(Saved entries)
======
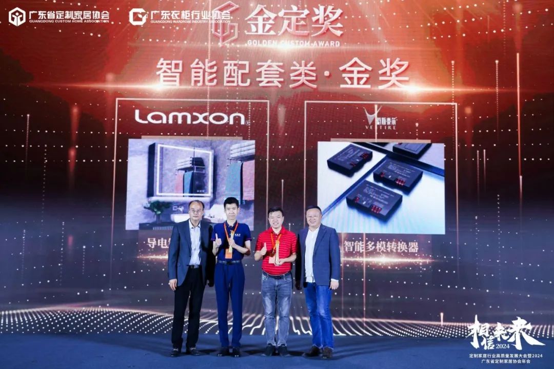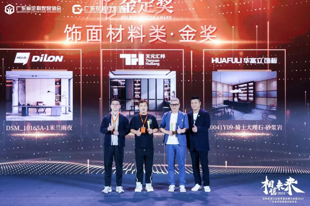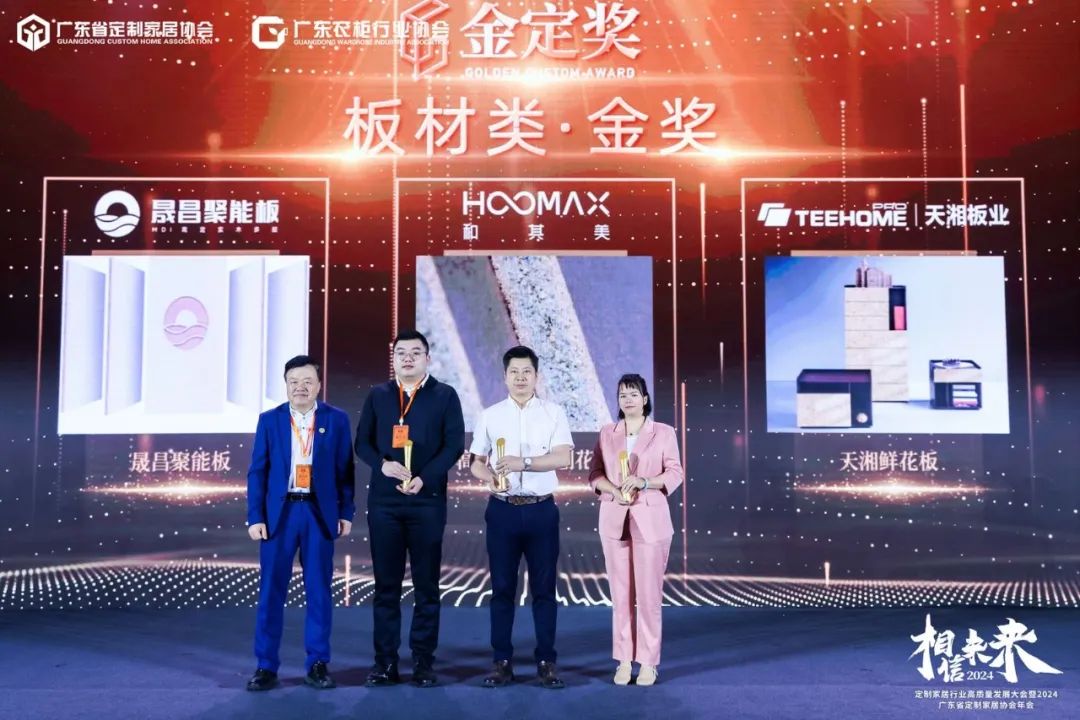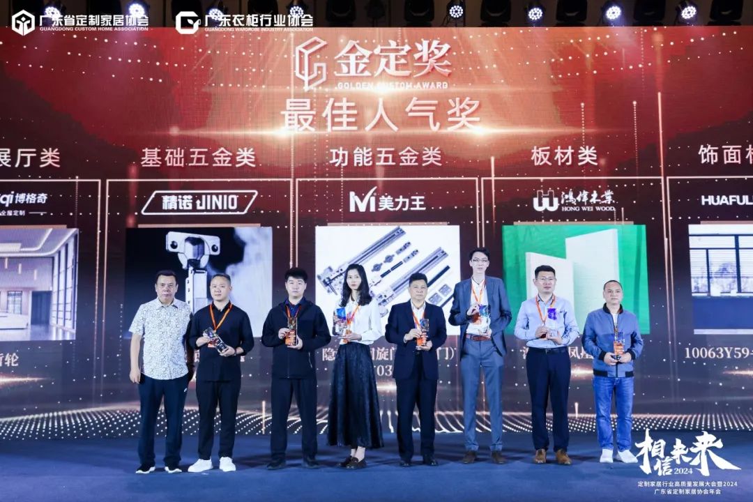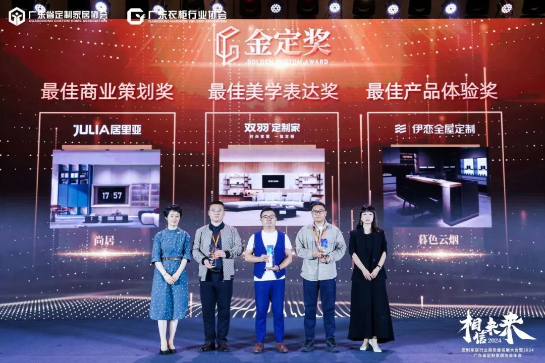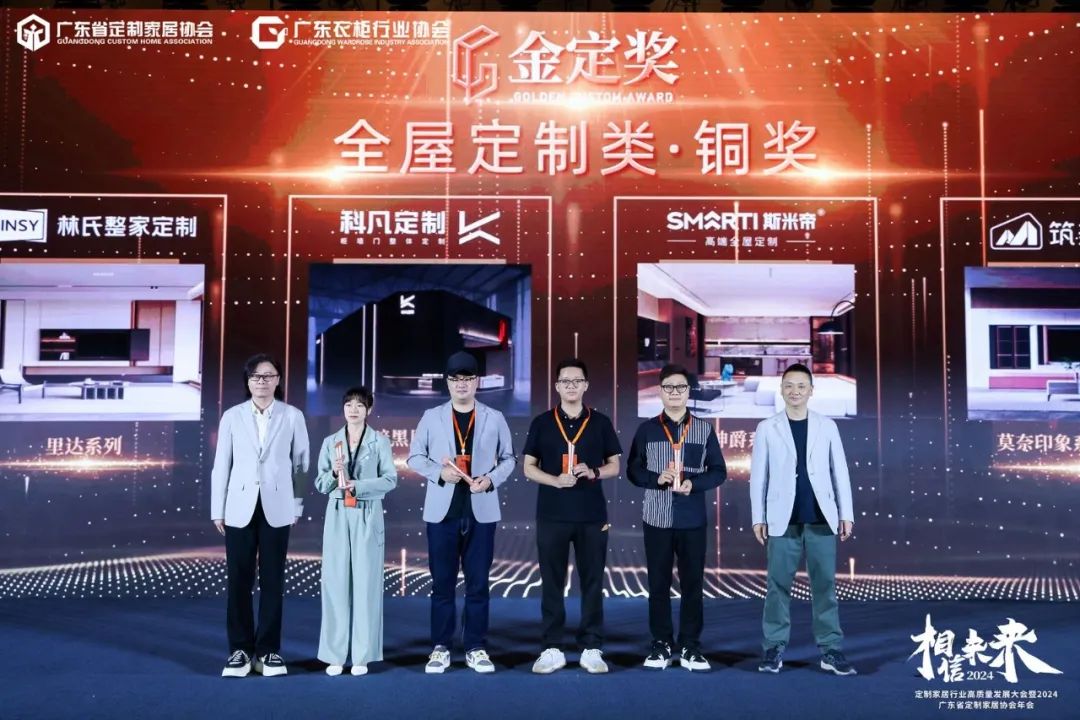 3月30日,定制家居行业高质量发展大会暨广东省定制家居协会年会及金定奖2023-2024年度颁奖典礼在广州朗豪酒店隆重举行,600+行业大腕云集,400+主流企业齐聚,共同揭晓本年度金定奖最终获奖名单,为获奖企业进行了荣誉授奖。
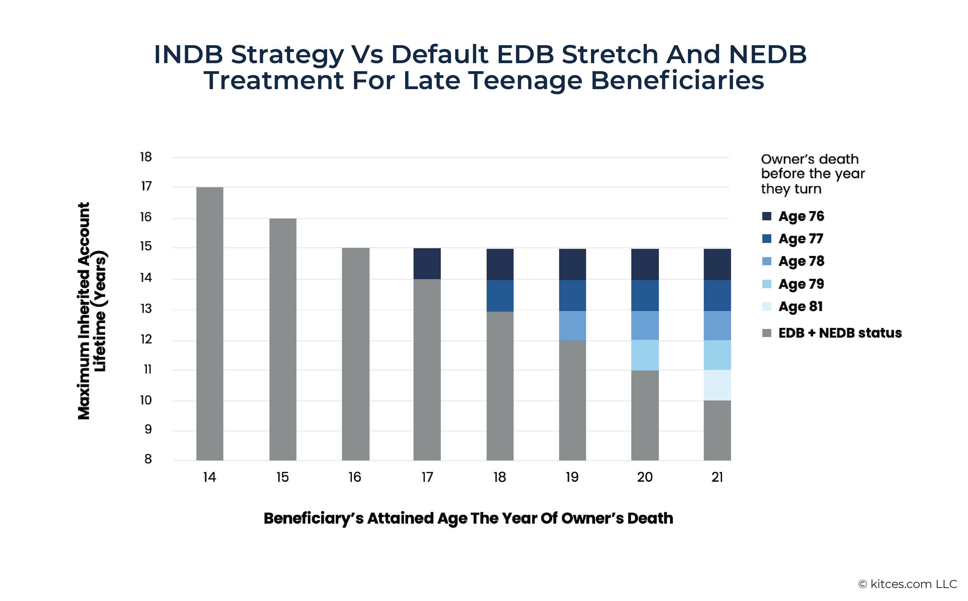 The INDB Strategy's benefit, relative to a minor child's maximum account lifetime as an EDB, depends on both the age of the account owner and the beneficiary in the year of the account owner's death. Prior to the year the owner turns age 76, the INDB strategy yields a maximum account lifetime of 15 years – which is longer than the maximum duration of a 17-year-old's account (14 years, comprised of 4 years of stretch followed by the 10-year rule) and all subsequent beneficiary ages. However, if the account owner were to die at 76, the INDB Strategy would only provide an advantage to beneficiaries 18 and over, for whom EDB treatment yields 13 years or less. These and other critical age combinations are charted below.
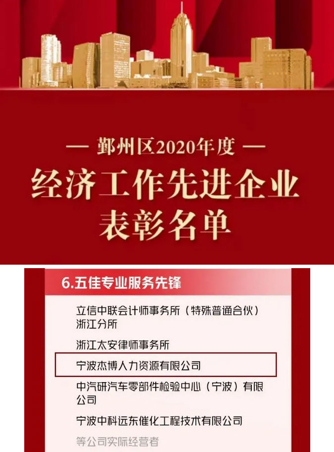恭喜杰博榮獲寧波市鄞州區(qū)2020年度“五佳專業(yè)服務(wù)先鋒”稱號(hào)
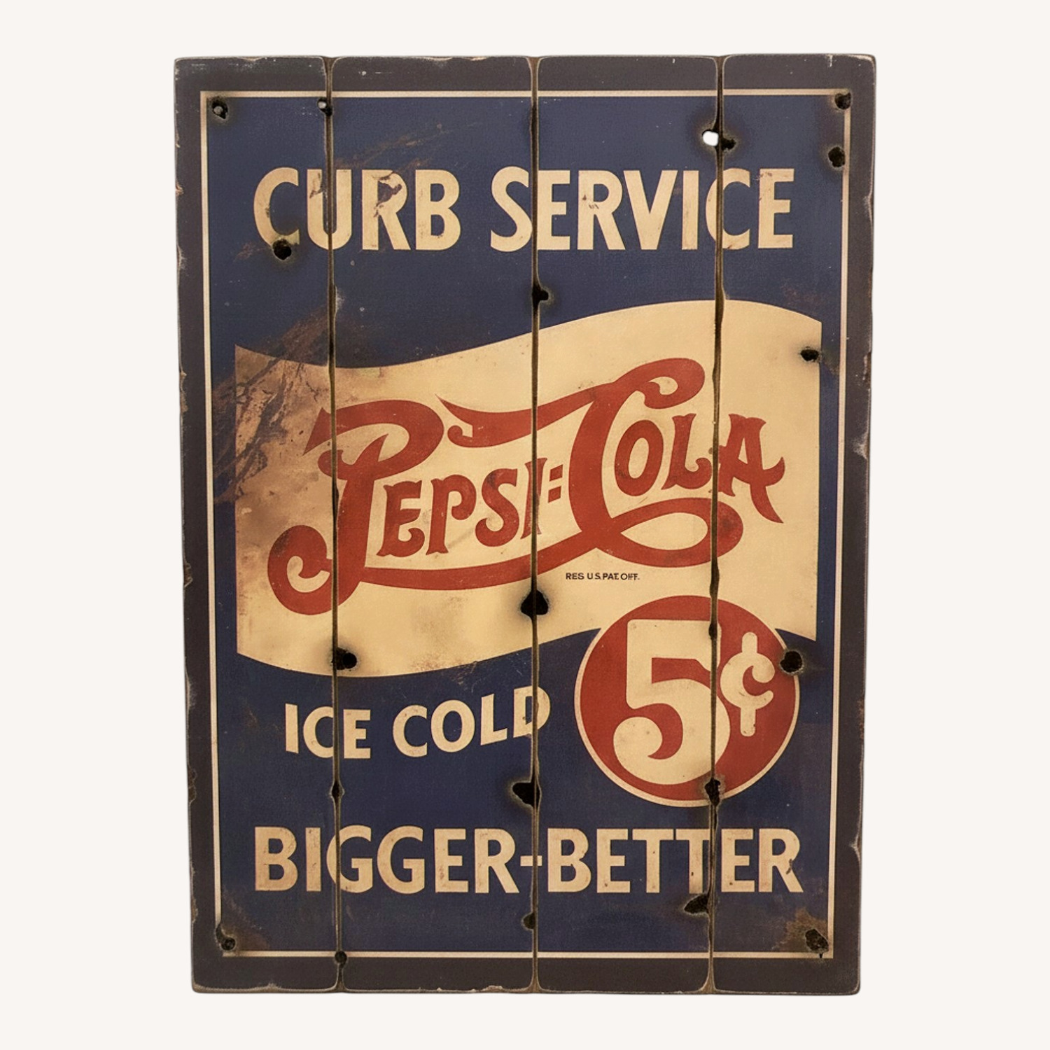 Seller's Notes:Retro-style Pepsi-Cola wall sign. Distressed finish. Great condition. Printed on plank-style wood panels for a vintage Americana look.
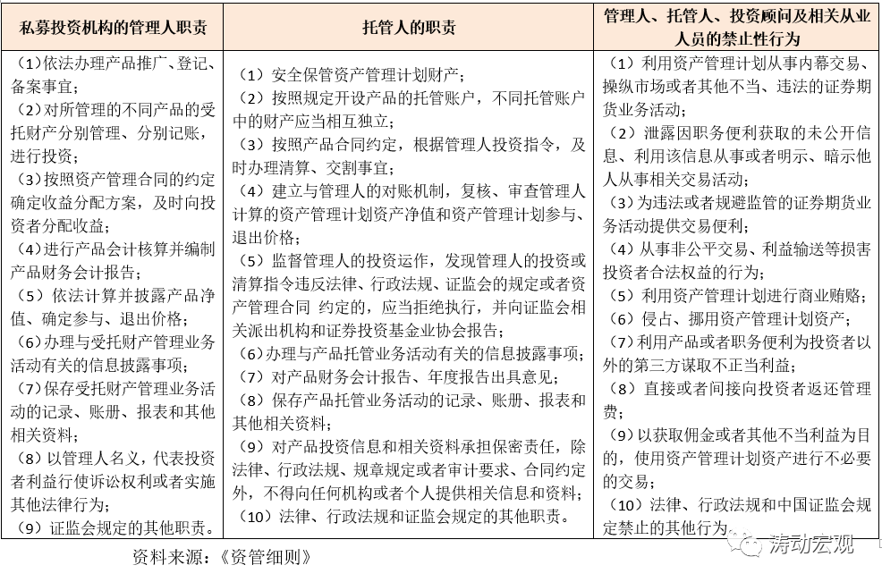 此外《資管細則》還對管理人、托管人的職責以及相關禁止行為進行了明確。
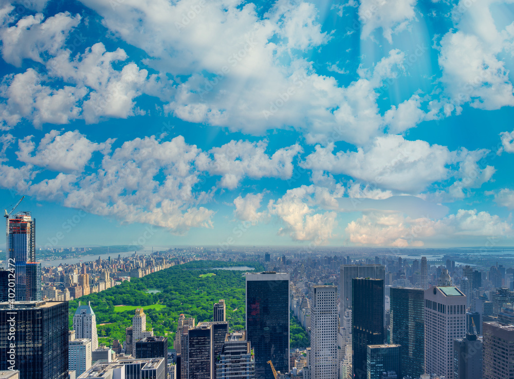 Panoramic aerial view of New York City skyline and Central Park
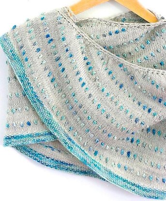 First in a series of two (so far) shawls that seek to show off gorgeous, hand dyed variegated sock yarns in unusual ways. Designed as part of my portfolio for the [Rhode Island School of Design Hand Knitting Program][4].
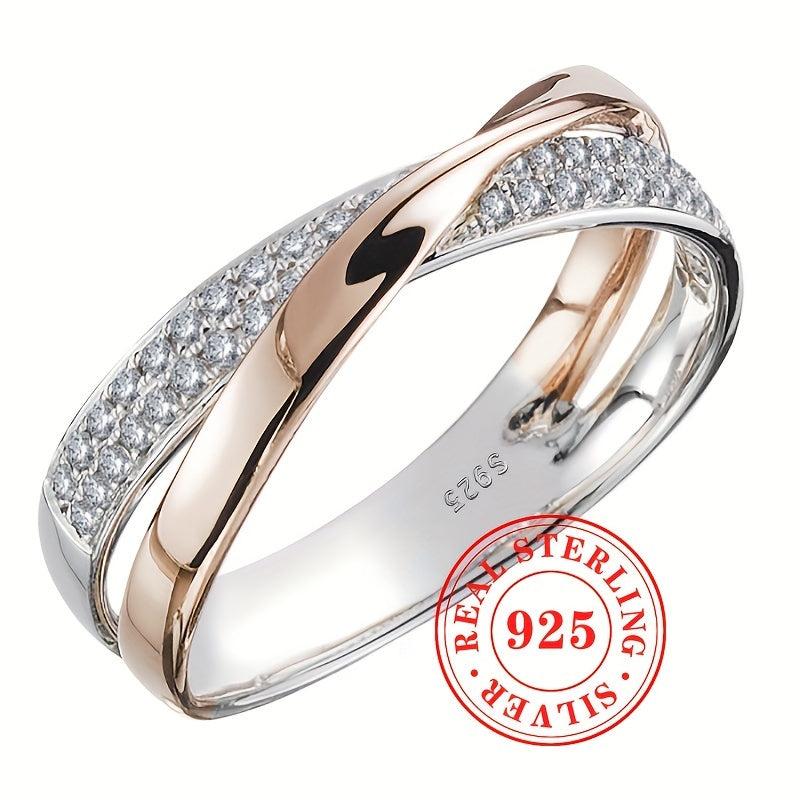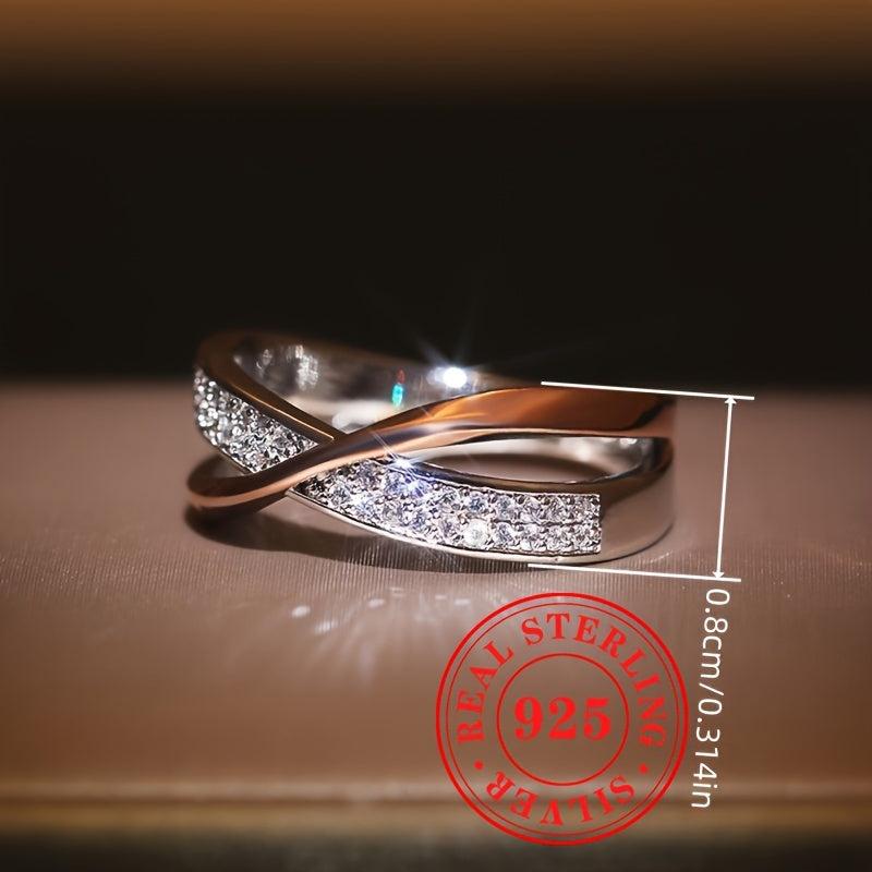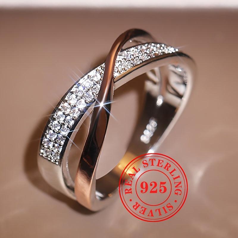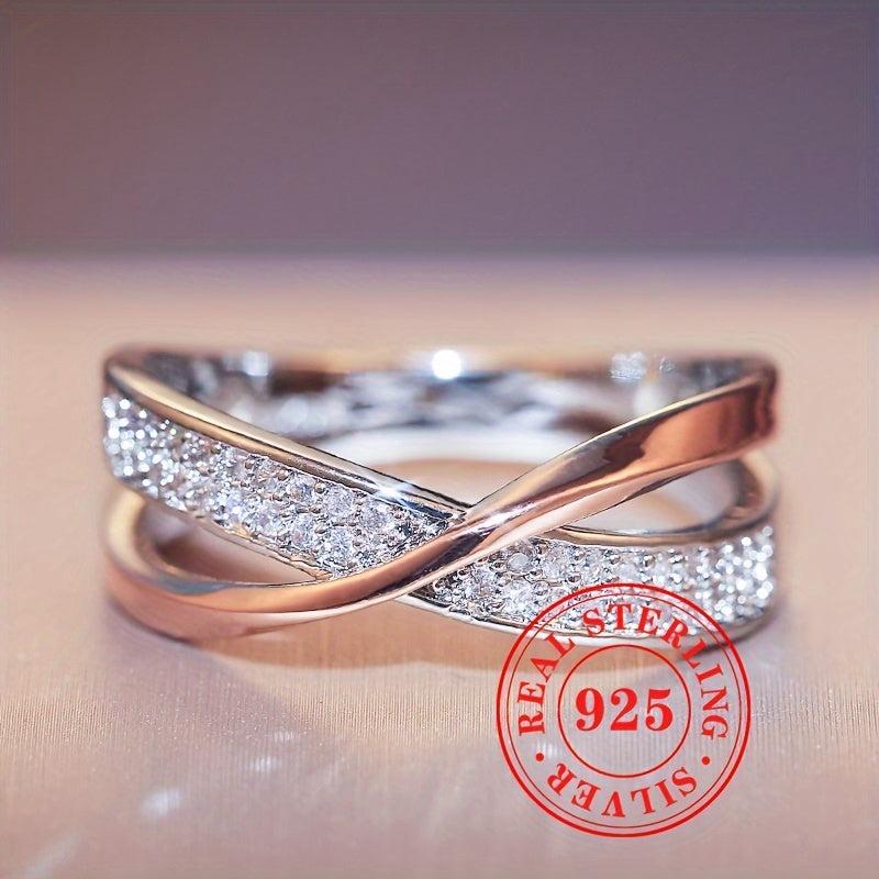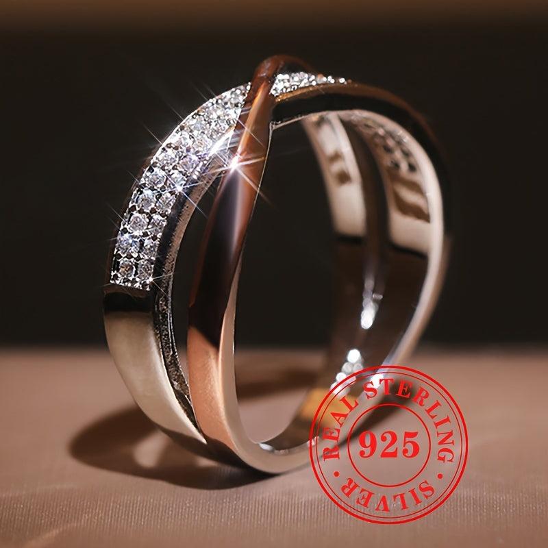 Elegantly designed S925 sterling silver ring featuring double cubic zirconia stones. Perfect for engagement parties, casual wear, and anniversary gifts.
======
(Action item) Skipping any pictures, copy the line that holds "此外《資管細則》還對管理人、托管人的職責以及相關禁止行為進行了明確。" and each line after it through the last line of the records, unchanged, and no other lines.

(Output)
 此外《資管細則》還對管理人、托管人的職責以及相關禁止行為進行了明確。
 Panoramic aerial view of New York City skyline and Central Park
 First in a series of two (so far) shawls that seek to show off gorgeous, hand dyed variegated sock yarns in unusual ways. Designed as part of my portfolio for the [Rhode Island School of Design Hand Knitting Program][4].
 Elegantly designed S925 sterling silver ring featuring double cubic zirconia stones. Perfect for engagement parties, casual wear, and anniversary gifts.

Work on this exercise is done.